** Entries taken from a collection **
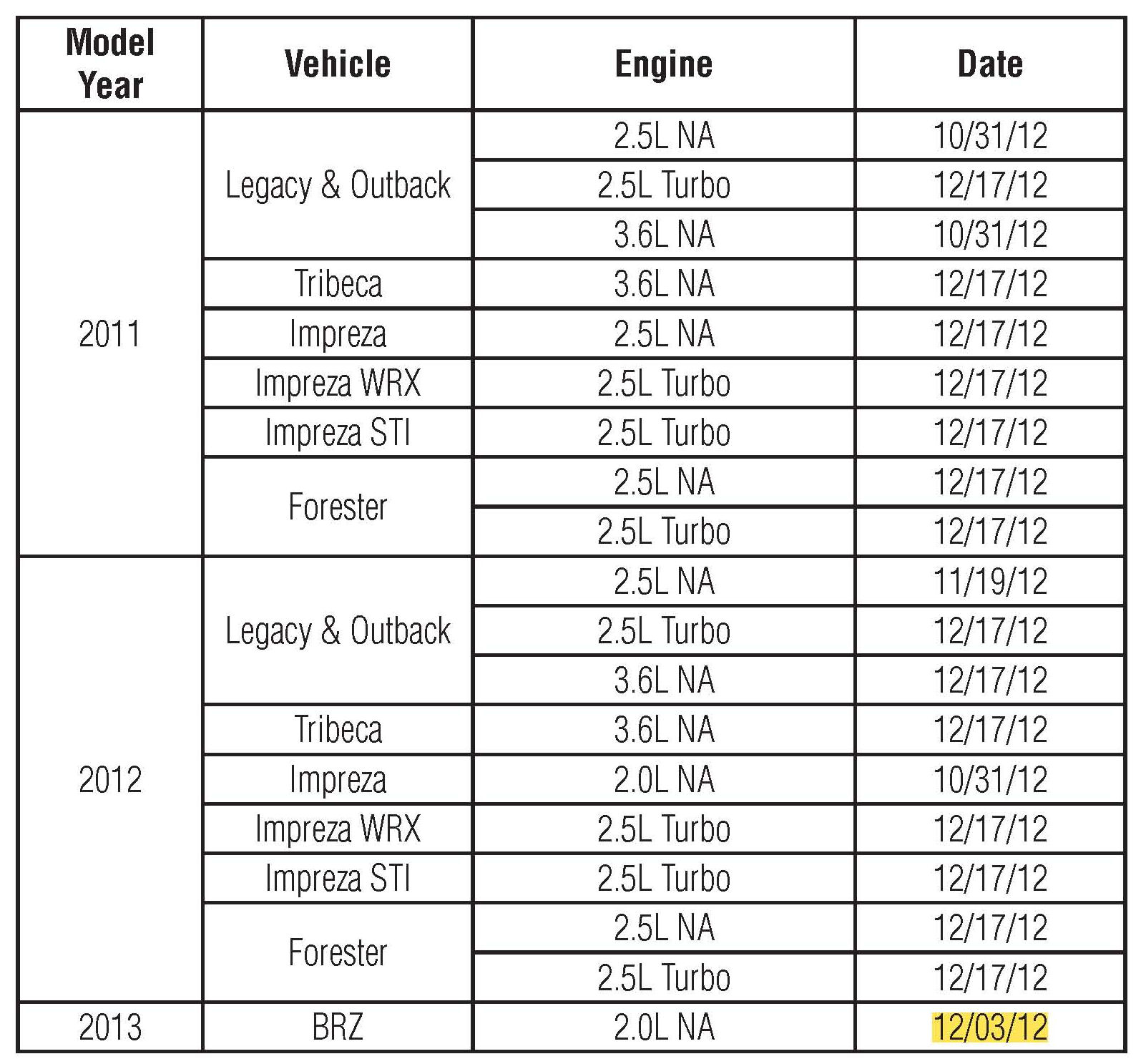 Affected vehicles are identified in the VIN range chart. NOTE: Not all vehicles in the VIN ranges are affected. Prior to performing repairs, confirm coverage by using the Vehicle Coverage Inquiry function at Subarunet.com.
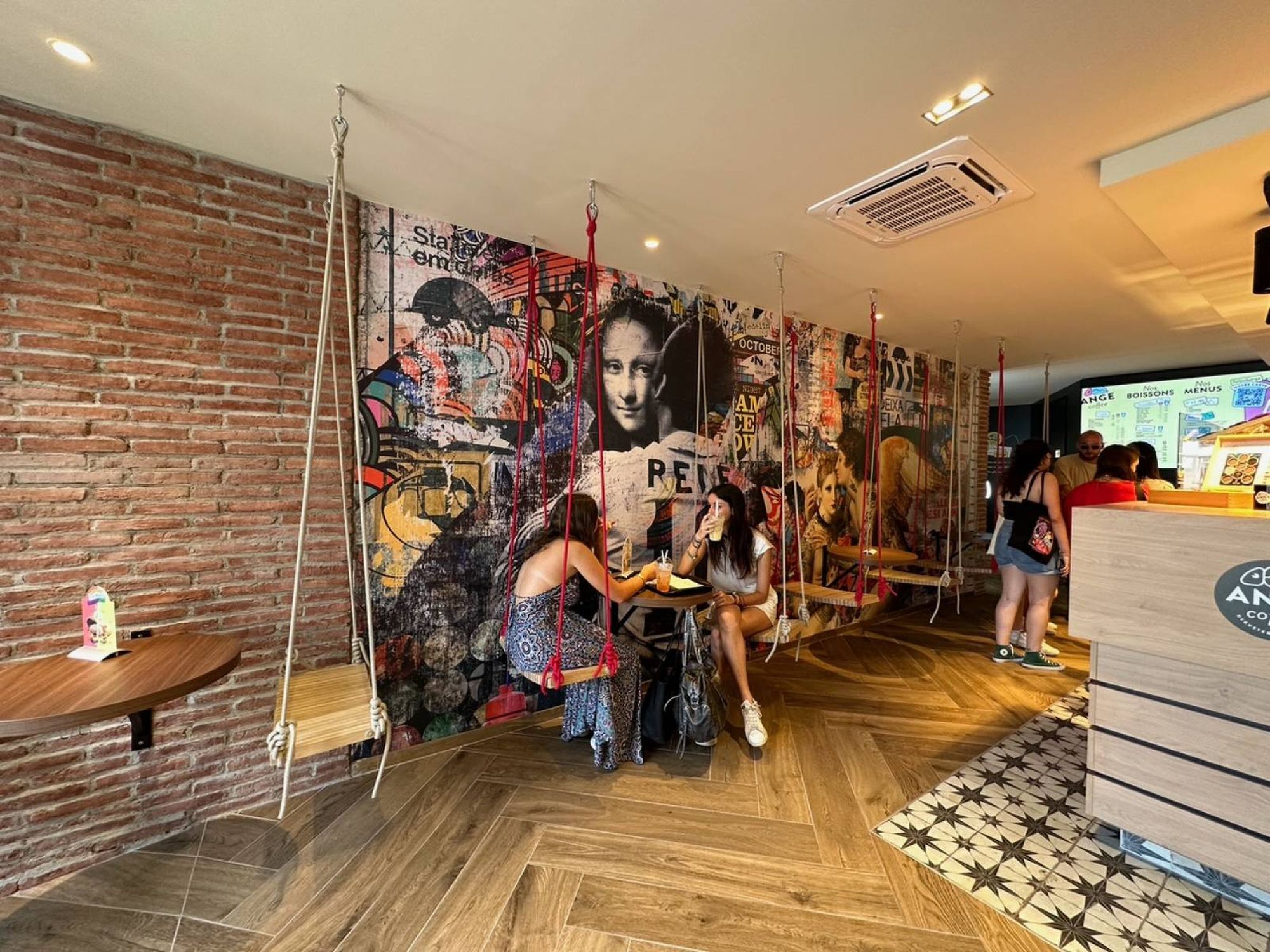 Notre équipe d'architectes a travaillé afin de créer un environnement accueillant et inspirant, destiné à attirer une clientèle plus jeune et dynamique. Ce café restaurant comporte plusieurs zones tels que des espaces d'assises traditionnelles, d'assises suspendues ainsi qu'un coin repas original avec des balançoires créant une atmosphère vibrante des cafés urbains tout en conservant une identité propre à l'enseigne Ange.
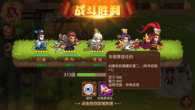 全金 风套张宝抗伤害 刘备月套给吕布加武力 吕布85万武力 暴击75 典韦79万武力 暴击50 全靠老天出暴击 打了不下20次 终于打过了
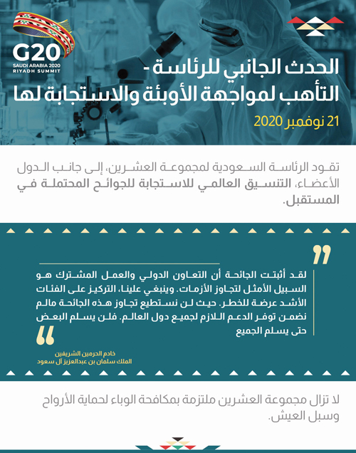 وجاءت كلمة خادم الحرمين الشريفين الملك سلمان بن عبدالعزيز -حفظه الله- تأكيدا لأهمية موضوع التأهب والتصدي للأوبئة أفردت قمة الرياض فعالية خاصة بهذا الموضوع لاعتبار أن جائحة كورونا مثّلت تحديًا صحيًا عالميًا غير مسبوق على الأفراد والمجتمع والاقتصاد.
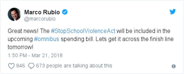 But these incremental reforms take political pressure off Republicans to pass a standalone bill. As tens of thousands of protesters descend on Washington this weekend to agitate for stronger gun control, GOP lawmakers will point to Fix NICS and the CDC rider to inoculate themselves from attacks that they’ve done nothing in response to the Florida school shooting.
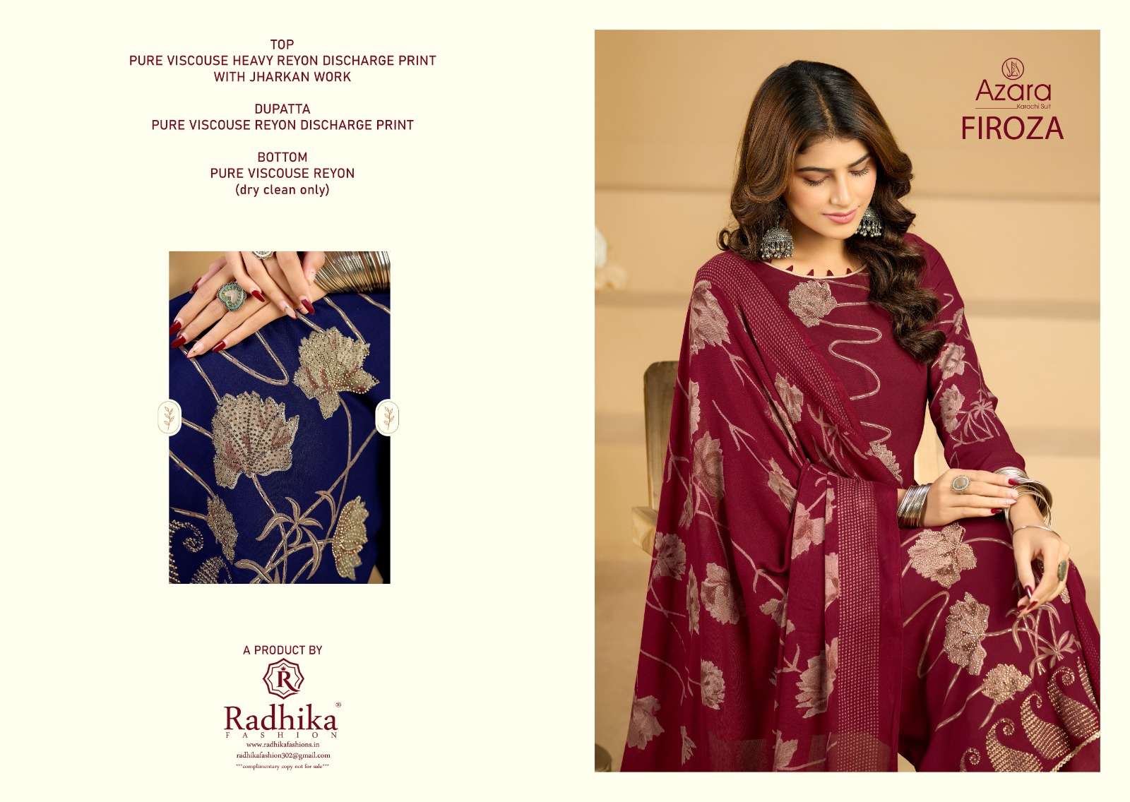 Buy Online AZARA FIROZA UNSTITCH REYON DISCHARGE PRINT SALWAR KAMEEZ DAILY CLOTH SURAT 4 Pcs of Full Catalogue at Wholesale Price. Looking for AZARA FIROZA UNSTITCH REYON DISCHARGE PRINT SALWAR KAMEEZ DAILY CLOTH SURAT Full Catalouge at Best Price? Buy Now AZARA FIROZA UNSTITCH REYON DISCHARGE PRINT SALWAR KAMEEZ DAILY CLOTH SURAT at Wholesale Rate of Rs 2680 with Total 4 Pcs from authroized dealer and supplier of Radhika Fashion Brand. Cost of Each piece is just only Rs 670 which is very low and affordable price to resale the product in your retail store Ethnic Export is Surat based Wholesale Supplier & Dealer of Radhika Fashion Brand. Click on Brand name to Know more about Radhika Fashion Brand's products.Call or Whatsapp on +91-9825759366 for booking or enquiry
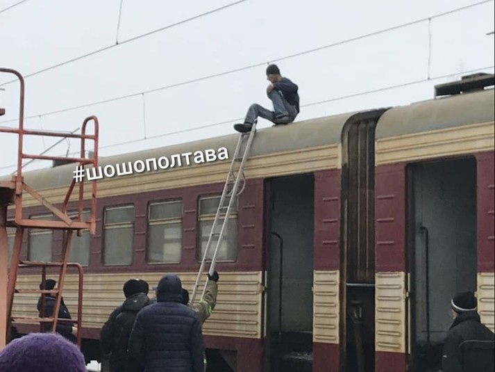 «Сьогодні вранці 25 листопада на станції Полтава - Південна невідомий чоловік заліз на дах електропоїзда , його вразило струмом, внаслідок чого він отримав опіки. Нагадуємо, що в контактній мережі напруга 27 тис. вольт», - сказано у повідомленні.
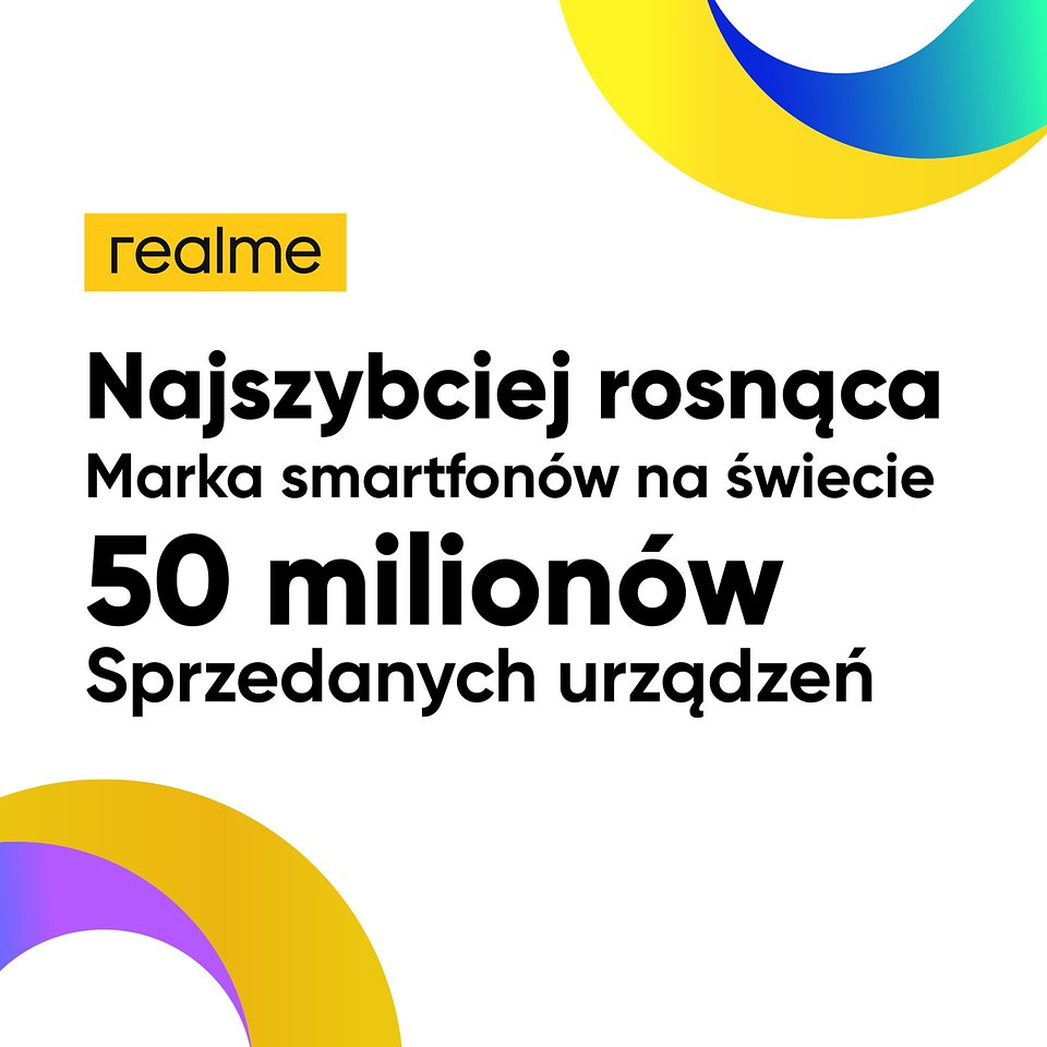 - Historyczny rekord. Osiągnięcie progu 50 mln sprzedanych smartfonów zajęło realme zaledwie dziewięć kwartałów – marka istnieje od maja 2018 roku;
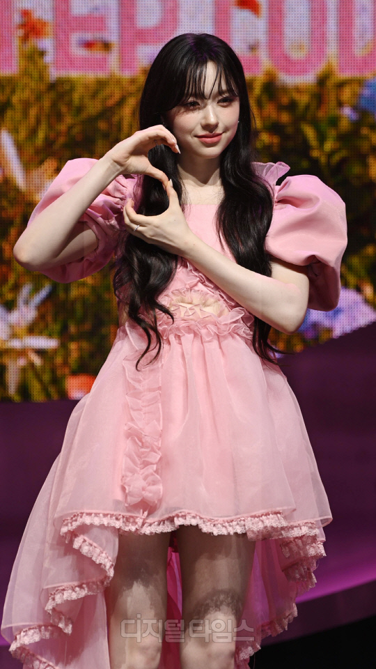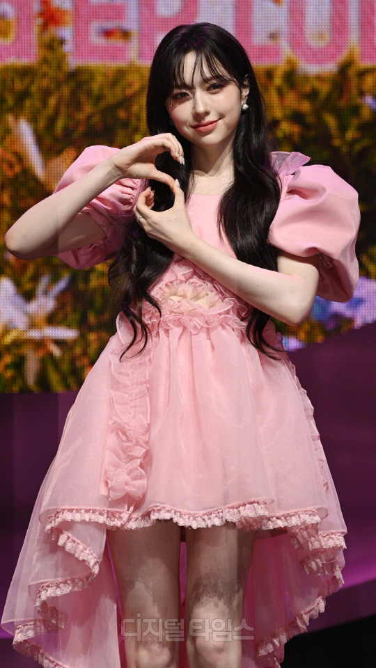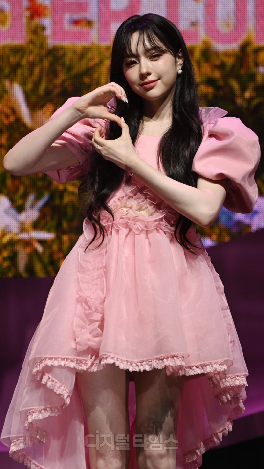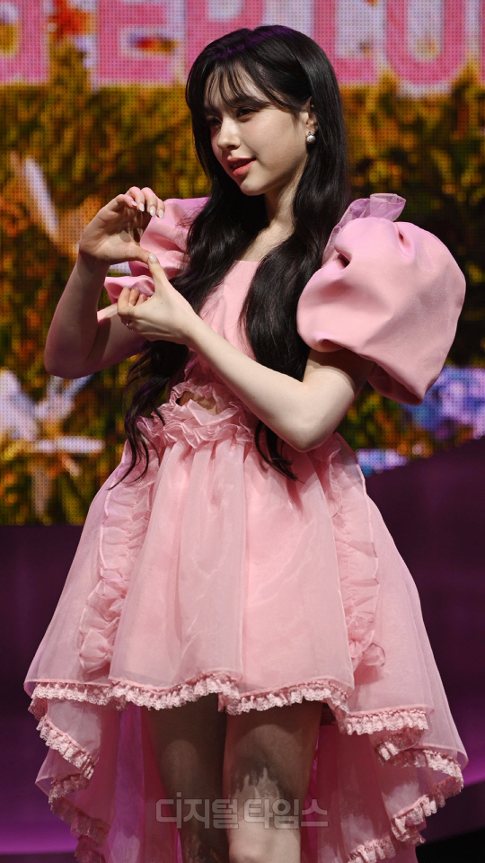 그룹 FIFTY FIFTY(피프티피프티)의 문샤넬(CHANELLE MOON)이 20일 서울 광진구 광장동 예스24 라이브홀에서 열린 두 번째 미니 앨범 '러브 튠(Love Tune)'의 쇼케이스에서 포즈를 취하고 있다.
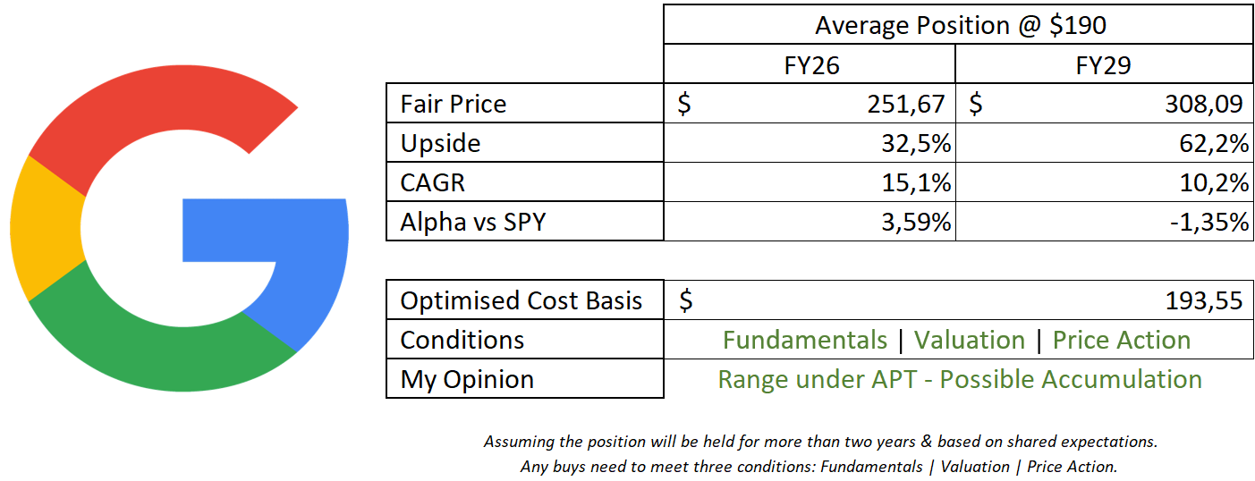 Google continues to be a great opportunity in my opinion, and anyone with a clear & bullish bias towards the company and no fear about that famous disruption could accumulate at today’s price.
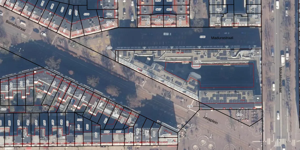 Het perceel waarop Borneostraat 43 staat heeft een oppervlakte van 2807 m². Dit is een zeer groot perceel. De perceeloppervlakte wordt geregistreerd door het Kadaster. Gedetailleerde informatie over de maten van dit perceel kunt u vinden in het rapport Kadastrale kaart met maatvoering van Borneostraat 43.

** TASK DETAILS **
Please repeat the lines above from the line containing "Google continues to" through the final line, both included, exactly as they stand and without pictures.

** EXERCISE RESULT **
 Google continues to be a great opportunity in my opinion, and anyone with a clear & bullish bias towards the company and no fear about that famous disruption could accumulate at today’s price.
 Het perceel waarop Borneostraat 43 staat heeft een oppervlakte van 2807 m². Dit is een zeer groot perceel. De perceeloppervlakte wordt geregistreerd door het Kadaster. Gedetailleerde informatie over de maten van dit perceel kunt u vinden in het rapport Kadastrale kaart met maatvoering van Borneostraat 43.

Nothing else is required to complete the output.